| STORED DATA |
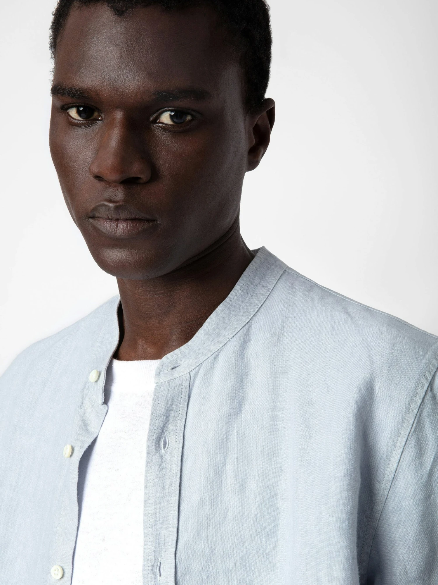 Be the first to review “Zadig & Voltaire Stan Linen Band Collar Shirt Ciel” Cancel reply
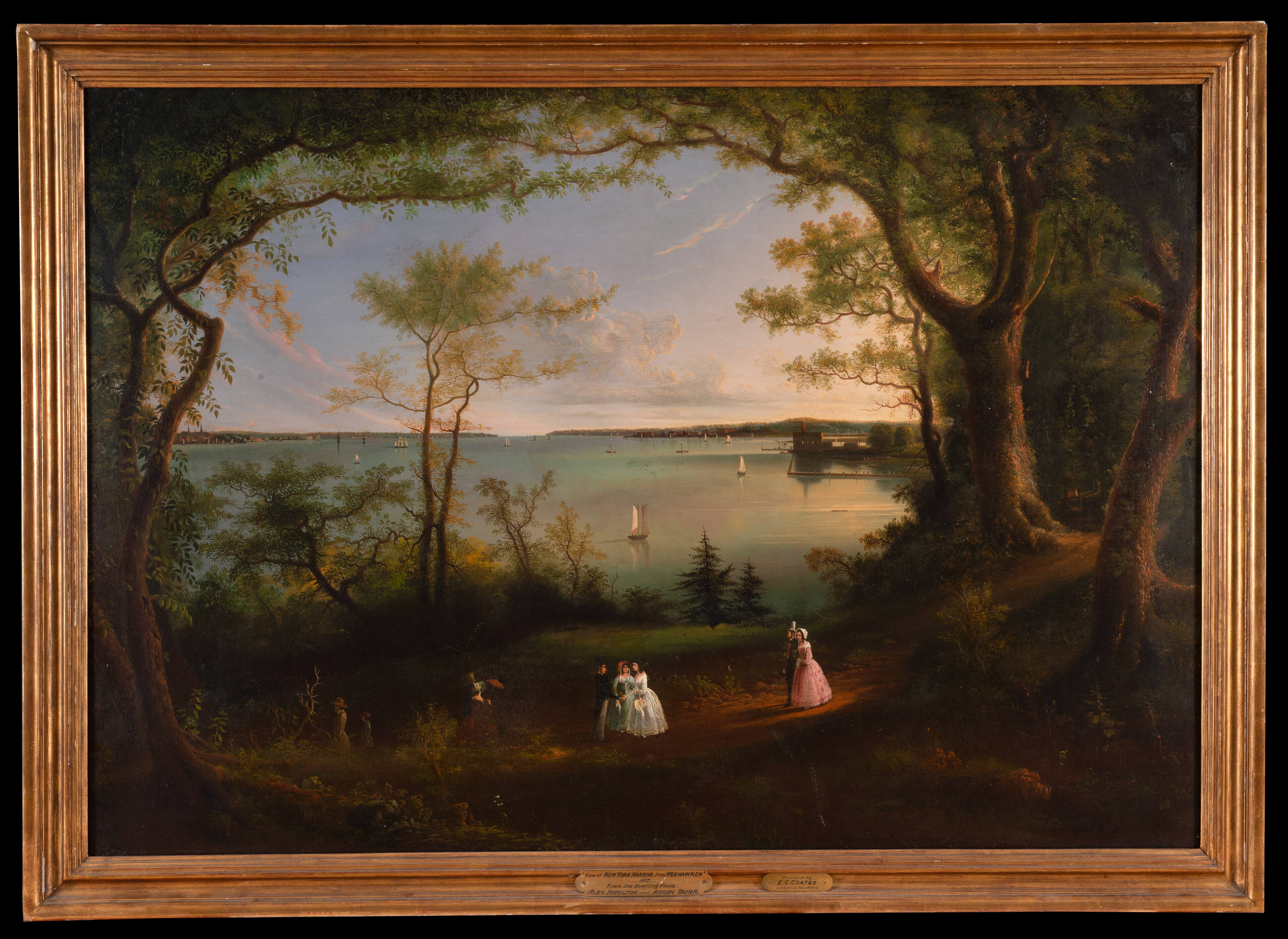 Label TextThis is an unusually large landscape painting, perhaps the largest in Coates' work. It was originally painted as a view of the Hamilton-Burr dueling ground in Weehawken, New Jersey. Just across the Hudson River from Manhattan, the area was a popular and fashionable spot for excursions from the city in the 1830s. The painting is dated twice - 1837 and 1847. Because of pentimenti, particularly a large tree that originally blocked the view, it seems as if Coates' first intention was to depict the site of the duel. The tree was later painted out - presumably in 1847 - and the vista opened up to depict a view of the entrance to New York harbor. More, if not all, the figures were added at this time.
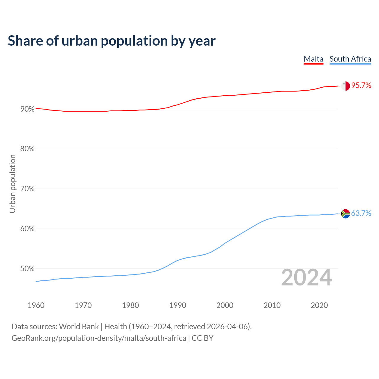 From 2004 to 2024, the share of urban population changed from 93.6% to 95.7% in Malta and from 59.1% to 63.7% in South Africa.
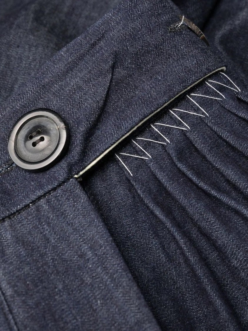 Experience the impeccable craftsmanship of Maison Margiela wide-leg trousers made from dark blue cotton. The high waist includes striking button details and pleated accents, offering a blend of structure and elegance for the modern woman.
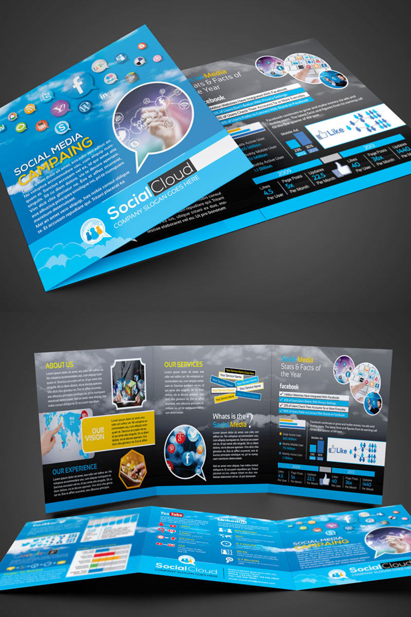 Download Фирменный стиль "Social Media Tri-Fold Brochure - Corporate Identity Template" / Social Media Tri-Fold Brochure - Corporate Identity Template - Фирменный стиль на тему графика social media facebook twitter pinterest youtube video marketing tri-fold brochure brochure design template 3 fold triangle square twi-fold corporate product
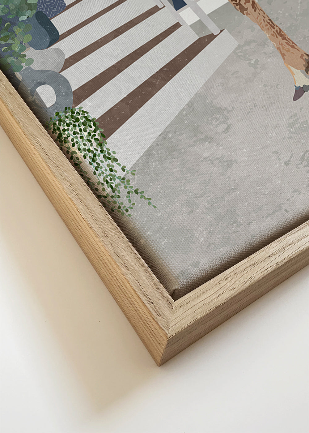 Wenn Sie die Passepartout-Option wählen, fügen wir die weiße matte Platte dem Rahmen hinzu und reduzieren das Design der Arbeit. Wählen Sie beispielsweise ein Druckformat 50x70 cm, mit eichenfarbenem Rahmen und Passepartout, reduzieren wir das Design des Druckes auf das bisherige Format (40x50cm). So passt es sich perfekt an das Innenfenster des Passepartouts an.
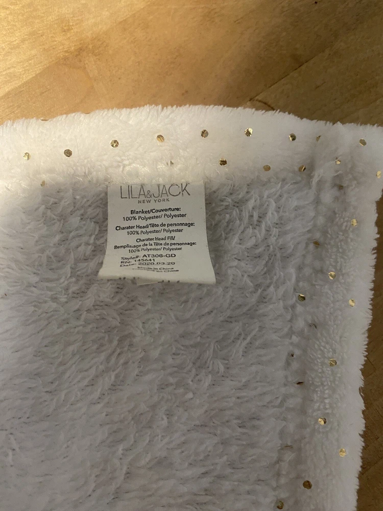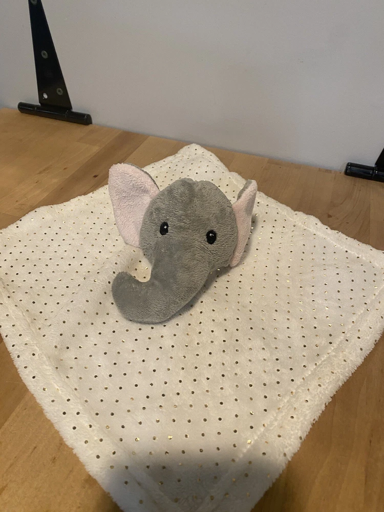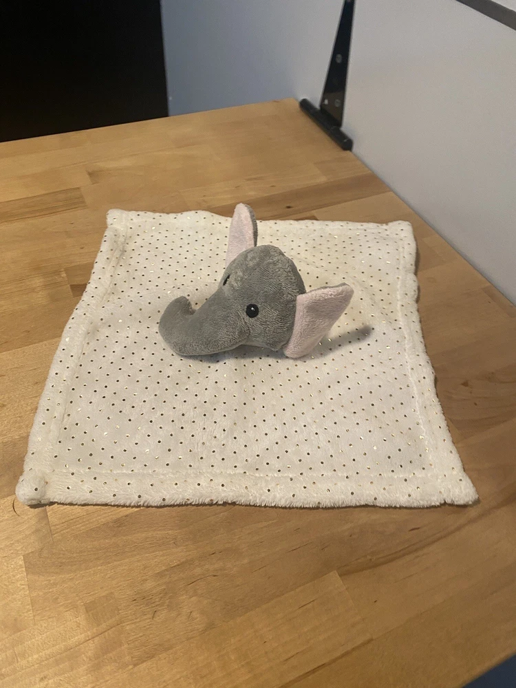 This Lila & Jack NY lovey security blanket is the perfect addition to your baby's collection. The white blanket with gold dots features an adorable elephant theme that is sure to delight your little one. Measuring at 12 inches, this blanket is soft and perfect for cuddling. It is suitable for babies and toddlers alike and makes for a great gift. The brand, Lila & Jack, is known for creating high-quality baby products, making this blanket a must-have for any parent or caregiver. In great condition, smoke free house
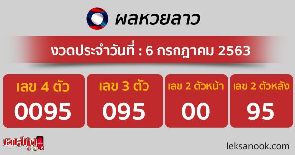 ขอแสดงความยินดีกับผู้ที่ถูกรางวัลผลหวยลาว วันที่ 6 ก.ค. 63 ได้แก่ เลข 4 ตัว : 0095 / 3 ตัว : 095 /2 ตัวหน้า : 00 / 2 ตัวหลัง : 95 สำหรับใครที่ไม่ถูกรางวัล ยังสามารถติดตามแนวทางเลขเด็ด หวยฮานอย หวยลาว สลากกินแบ่งรัฐบาล รวมถึงตรวจผลหวยฮานอย หวยลาว สลากกินแบ่งรัฐบาลได้ ในงวดต่อ ๆ ไป ผ่านทางเว็บไซต์เลขสนุก และขอสนับสนุนให้เสี่ยงโชคกันอย่างถูกกฎหมายนะคะ
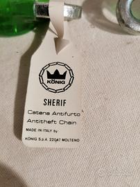 Catena antifurto Konig Sherif con luchetto CISA hardened 280/55 + 2 chiavi. Lunghezza 120 cm diametro 10 cm. Peso circa 3 kg Tutto nuovo mai usato, catena di estrema sicurezza
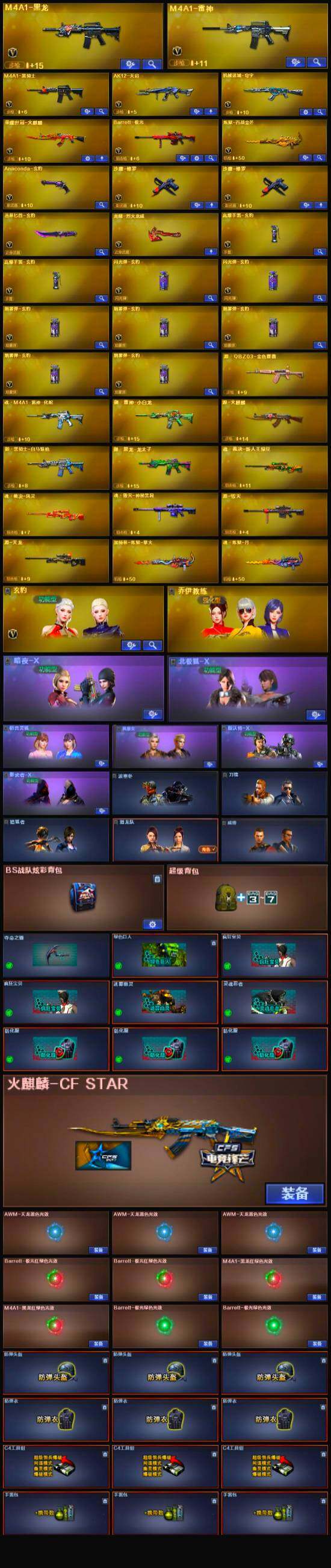 【英雄级武器】:荣耀世冠-火麒麟,M4A1-雷神,M4A1-黑龙,M4A1-黑骑士,AK12-天启,Barrett-极光,沙鹰-修罗*2
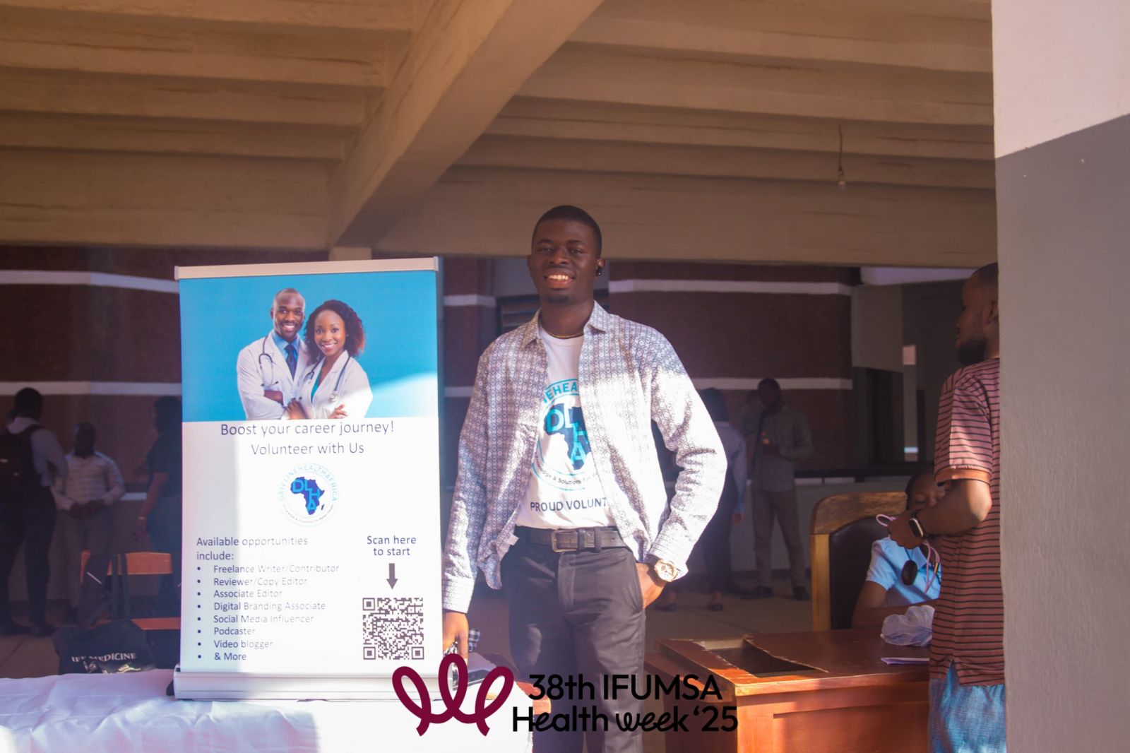Mr. Adebowale (Debo) Bello, Datelinehealth Africa representative at the 38th Annual IFUMSA Health week, 2025, standing beside the membership and volunteer recruitment table with a desk banner display.
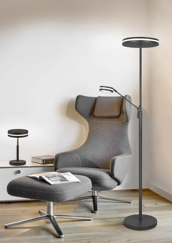 Der 2-flammige LED Deckenfluter FRANKLIN von TRIO hat ein zeitloses Design und ist ein elegantes Beleuchtungselement für modern eingerichtete Wohnzimmer. Durch die schön gestalteten Oberflächen im Farbton anthrazit fällt der Fluter sofort ins Auge und ist vielseitig kombinierbar. Zur Ausstattung der Lampe zählen eine Memory-Funktion, eine CCT-Lichtfarbverstellung und ein Sensordimmer. Der getrennt schaltbare Deckenfluter mit Leselampe sorgt stets für eine angenehme Beleuchtung.

| TO DO |
Although the records above contain pictures, the copy should not; retype exactly the lines from the one containing "Experience the impeccable" through the one containing "Wenn Sie die".

| OUTPUT FOR THIS TASK |
 Experience the impeccable craftsmanship of Maison Margiela wide-leg trousers made from dark blue cotton. The high waist includes striking button details and pleated accents, offering a blend of structure and elegance for the modern woman.
 Download Фирменный стиль "Social Media Tri-Fold Brochure - Corporate Identity Template" / Social Media Tri-Fold Brochure - Corporate Identity Template - Фирменный стиль на тему графика social media facebook twitter pinterest youtube video marketing tri-fold brochure brochure design template 3 fold triangle square twi-fold corporate product
 Wenn Sie die Passepartout-Option wählen, fügen wir die weiße matte Platte dem Rahmen hinzu und reduzieren das Design der Arbeit. Wählen Sie beispielsweise ein Druckformat 50x70 cm, mit eichenfarbenem Rahmen und Passepartout, reduzieren wir das Design des Druckes auf das bisherige Format (40x50cm). So passt es sich perfekt an das Innenfenster des Passepartouts an.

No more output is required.